User-defined function (UDF)¶
The abbreviation UDF stands for user-defined function. With this concept, users are able to upload custom code and have it executed e.g. for every pixel of a scene, or applied to a particular dimension or set of dimensions, allowing custom server-side calculations. See the section on UDFs for more information.
Data Processing modes¶
Process graphs can be processed in three different ways:
- Results can be pre-computed by creating a batch job using
POST /jobs
. They are submitted to the back-end's processing system, but will remain inactive untilPOST /jobs/{job_id}/results
has been called. They will run only once and store results after execution.
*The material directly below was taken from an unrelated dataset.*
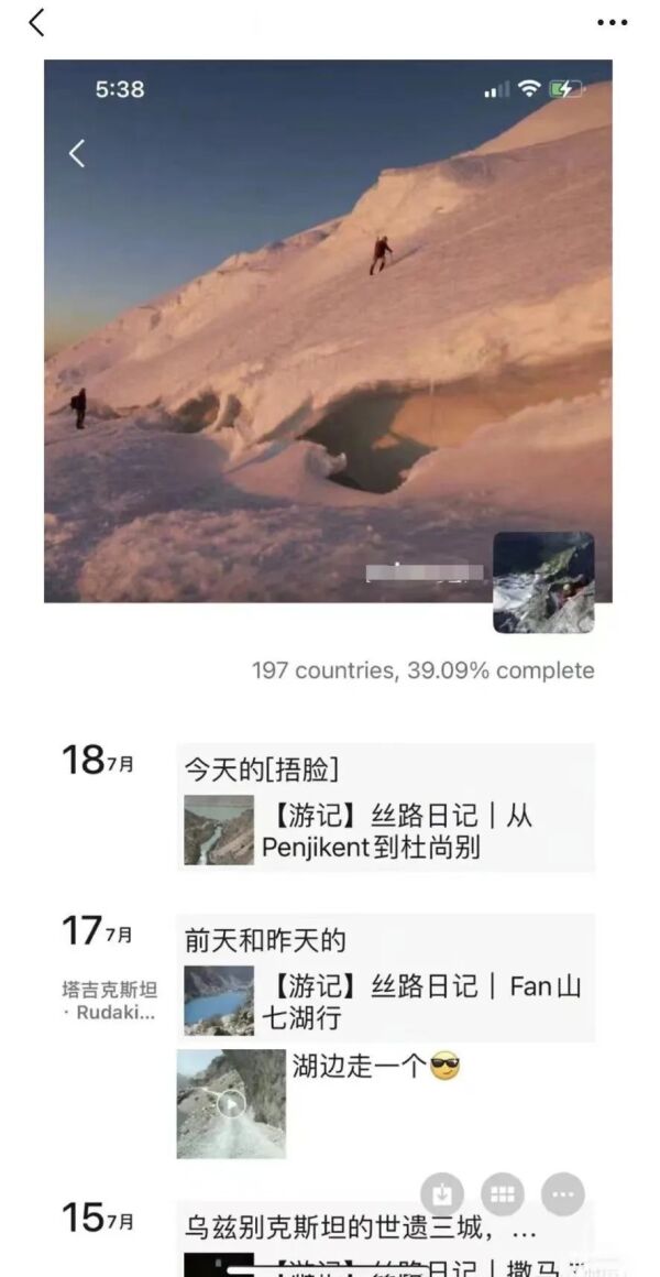 这位博主晒出的好友朋友圈截图显示,朋友圈停更在7月18日,当天的分享内容是从Penjikent(片治肯特古城,塔吉克斯坦境内遗址)到杜尚别,而7月17日发布的内容定位则显示在塔吉克斯坦。

Results can be downloaded. Batch jobs are typically time consuming so that user interaction is not possible. This is the only mode that allows to get an estimate about time, volume and costs beforehand. - A more dynamic way of processing and accessing data is to create a secondary web service. They allow web-based access using different protocols such as OGC WMS, OGC WCS or XYZ tiles. These protocols usually allow users to change the viewing extent or level of detail (zoom level). Therefore, computations often run on demand so that the requested data is calculated during the request. Back-ends should make sure to cache processed data to avoid additional/high costs and reduce waiting times for the user.
- Process graphs can also be executed on-demand (i.e. synchronously) by sending the process graph to
POST /result
. Results are delivered with the request itself and no job is created. Only lightweight computations, for example small previews, should be executed using this approach as timeouts are to be expected for long-polling HTTP requests.